Publish Date : 04 Apr 2016
Opinion: A no zoned housing paradise
Older inner-city suburbs like Ponsonby are where you find residents who are most passionate about preserving their neigbourhoods, says Tommy Honry. 

Tommy Honey, the Dean of College at Whitecliffe College of Arts and Design, talks to OurAuckland about potential solutions to Auckland’s housing challenges.

The opinions expressed below are Mr Honey’s alone.  

What can we learn from the design of older inner-city Auckland suburbs like Ponsonby and Grey Lynn?

These suburbs, along with Aro Valley in Wellington, are where you find residents who are most passionate about preserving their neigbourhoods due to their historic importance.

But the way these suburbs were formed was largely decided by a builder or developer who decided what and how to build. Regulations didn’t exist and neither did input from architects or design experts.

A developer or builder built three homes in a row that looked the same, sold them, then built another three. So developers helped shape the city and the sort of housing that people love today.

Are you arguing for the removal of building regulations?

Not necessarily. But Auckland of the past was a no-zoned paradise. Property developers were looking to maximise their return and worked out that you could build a foot away from your neighbour – and that was the most cost-effective thing to do. In Sydney, there wasn’t even a gap between homes, and those houses are extremely desirable and valuable today. 

In Houston, Texas, they don’t have zoning at all. Well, sort of

But while Houston doesn’t have zoning laws, developers have a role in how the city looks through what they call deed restrictions.

What we’re finding with the current situation in Auckland is that the people who set the regulations aren’t as innovative as developers. Developers know what people want from the marketing of homes.

What we’re seeing is that those who set restrictions are doing so through guessing what they think other people need.

What will the proposed Unitary Plan achieve?

The reason house prices are so high in Auckland is that land supply has been constrained by zoning regulations. The Unitary Plan has the goal of trying to open up zoning, so there’s adequate land supply for housing. It’ll mean, for example, if you’ve got a section of 600 square metres, you can build two homes on it instead of one.

How did we get to a place where the average house price is nine or 10 times an average annual income?

If you go back before the Super City, we had seven different cities within Auckland, each of which had their own separate set of rules for house building. Not one had a region-wide responsibility for planning for population growth.

So the planner in Manukau had no remit to look at likely population growth in the North Shore and what kind of housing might be needed to accommodate that growth. They couldn’t have influenced that even if they’d wanted to. 

But now we have everyone sitting under the same roof, the planners, infrastructure, transport planners and that is what we need to get it right.

So the Unitary Plan is simply a means to set consistent regulations across the region.

Are residents right to be fearful of change?

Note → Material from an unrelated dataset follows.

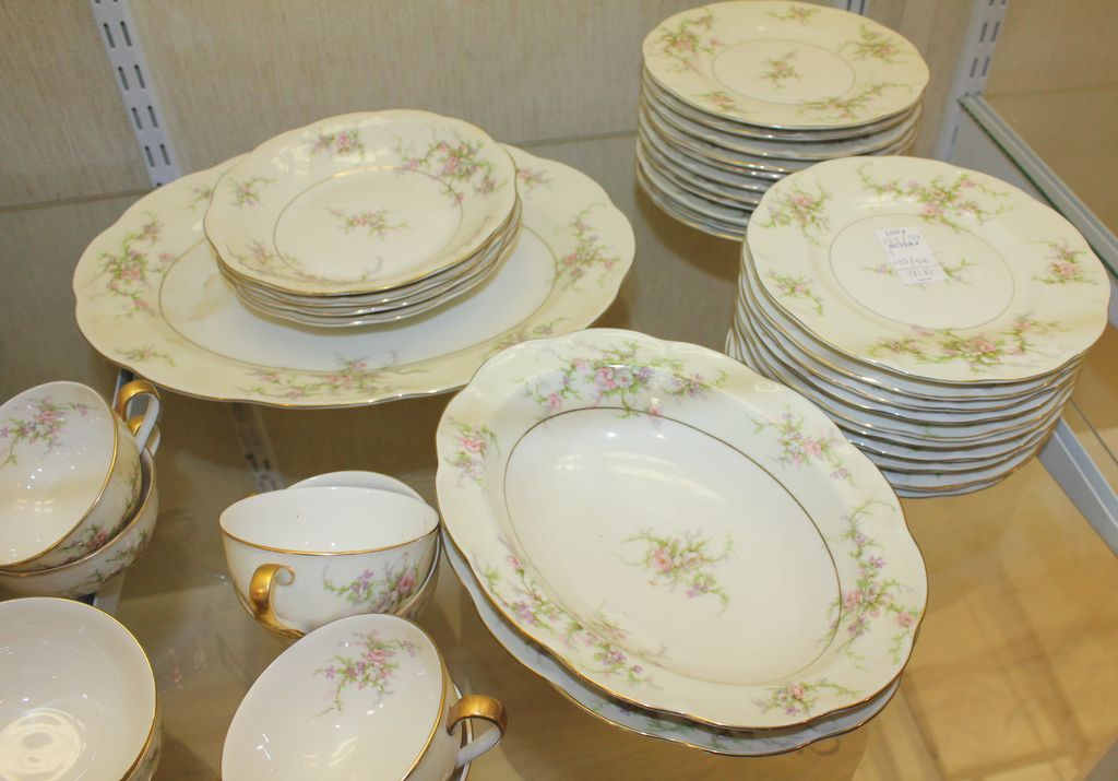 Set of Haviland china consisting of twelve dinner plates, twenty salad plates, four cereal bowls, two vegetables, covered vegetable, serving bowl, platter, twelve cups 54 total pieces. Set of Haviland china consisting of twelve dinner plates, twenty salad plates, four cereal bowls, two vegetables, covered vegetable, serving bowl, platter, twelve cups 54 total pieces.
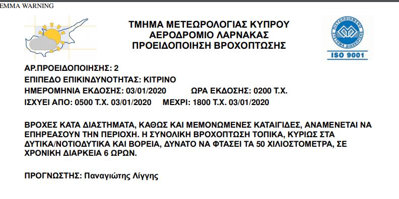 Λόγω των έντονων καιρικών φαινομένων που πλήττουν την Κύπρο, η Μετεωρολογική Υπηρεσία εξέδωσε εκ νέου κίτρινη προειδοποίηση, η οποία βρίσκεται σε ισχύ από τις 5:00 το πρωί μέχρι τις 6:00 το απόγευμα.

Will greater densities lead to the reduction of property prices for those about to enter their retirement, for example?

What people don’t understand is that the Unitary Plan will take a few years to flow through, once it’s complete. Their neighbourhoods won’t change overnight; they probably won’t change for generations.

People fear that once the Unitary Plan is released, the next day the bulldozers will roll into Remuera, and that’s just not going to happen.

Another point that people don’t understand is that development will make some types of housing rarer and unique, for example a big single house on a section. Their scarcity will ensure that they remain more valuable over time.

They go up in value, not just monetarily, and so preservation is enabled by the development that happens elsewhere. And we’re only talking two or three-storey developments. Talk of anything more extreme is simply scaremongering.

Tommy Honey is a director, designer, educational manager, and architect. He is Dean of College at Whitecliffe College of Arts & Design and the resident urbanist on Radio New Zealand’s Nine-to-Noon programme.